Distribution of coenzyme Q homologues in brain.

Abstract

Ubiquinone (coenzyme Q10), in addition to its function as an electron and proton carrier in mitochondrial electron transport coupled to ATP synthesis, acts in its reduced form (ubiquinol) as an antioxidant, inhibiting lipid peroxidation in biological membranes and protecting mitochondrial inner-membrane proteins and DNA against oxidative damage accompanying lipid peroxidation. Tissue ubiquinone levels are subject to regulation by physiological factors that are related to the oxidative activity of the organism: they increase under the influence of oxidative stress, e.g. physical exercise, cold adaptation, thyroid hormone treatment, and decrease during aging.
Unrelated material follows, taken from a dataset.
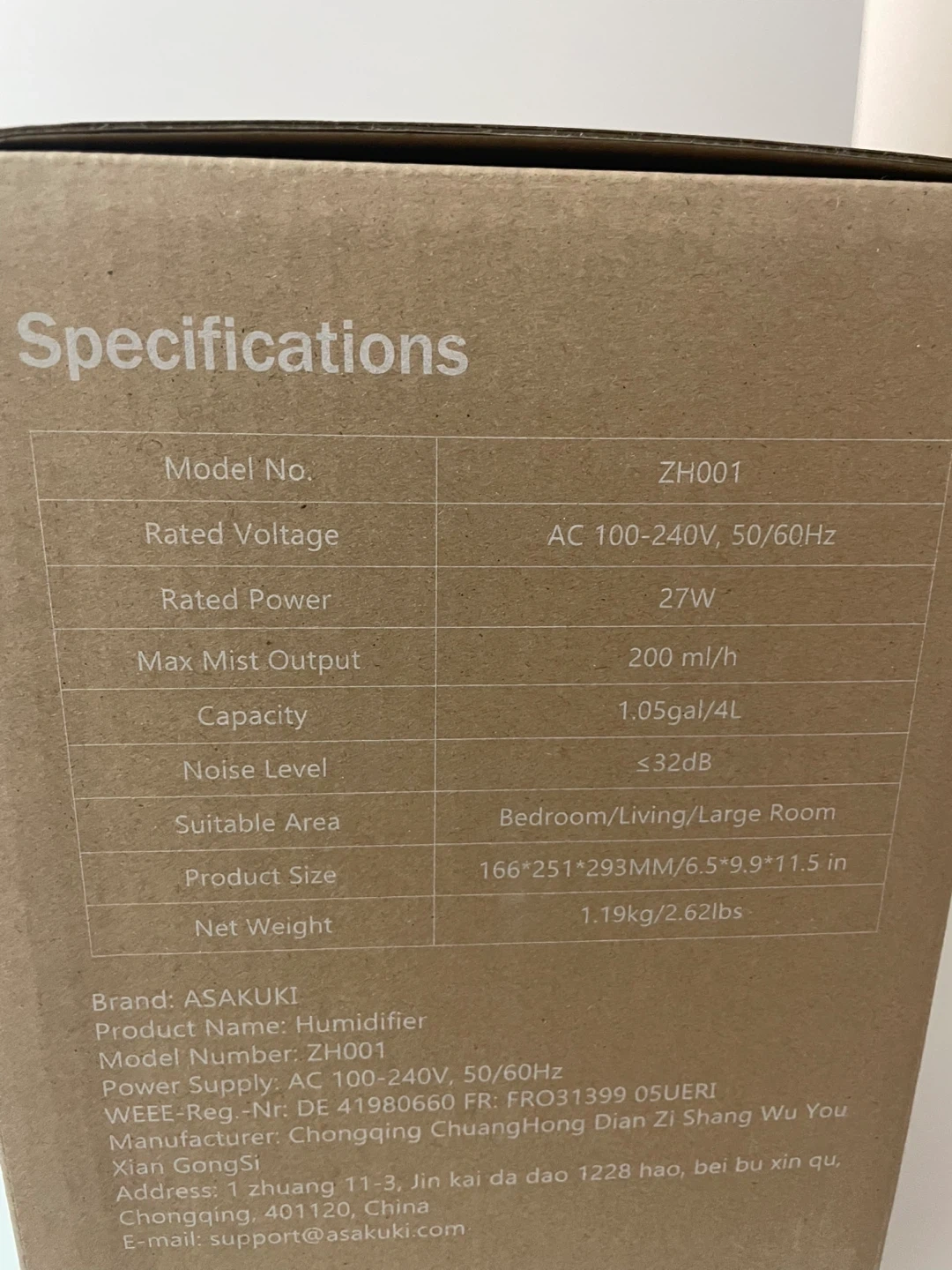 Selling a brand new ASAKUKI Ultrasonic Cool Mist Humidifier, still in its original box! It features easy control, a 4L large capacity, a night light, aromatherapy, a top fill design, and is leak-proof. Perfect for a bedroom or living/large room. The product size is 166*251*293MM / 6.5*9.9*11.5 in and it weighs 1.19kg/2.62lbs

In the present study, coenzyme Q homologues were separated and quantified in the brains of mice, rats, rabbits, and chickens using high-performance liquid chromatography. In addition, the coenzyme Q homologues were measured in cells such as NG-108, PC-12, rat fetal brain cells and human SHSY-5Y and monocytes. In general, Q1 content was the lowest among the coenzyme homologues quantified in the brain. Q9 was not detectable in the brains of chickens and rabbits, but was present in the brains of rats and mice. Q9 was also not detected in human cell lines SHSY-5Y and monocytes. Q10 was detected in the brains of mice, rats, rabbits, and chickens and in cell lines. Since both coenzyme Q and vitamin E are antioxidants, and coenzyme Q recycles vitamins E and C, vitamin E was also quantified in mice brain using HPLC-electrochemical detector (ECD). The quantity of vitamin E was lowest in the substantia nigra compared with the other brain regions. This finding is crucial in elucidating ubiquinone function in bioenergetics; in preventing free radical generation, lipid peroxidation, and apoptosis in the brain; and as a potential compound in treating various neurodegenerative disorders.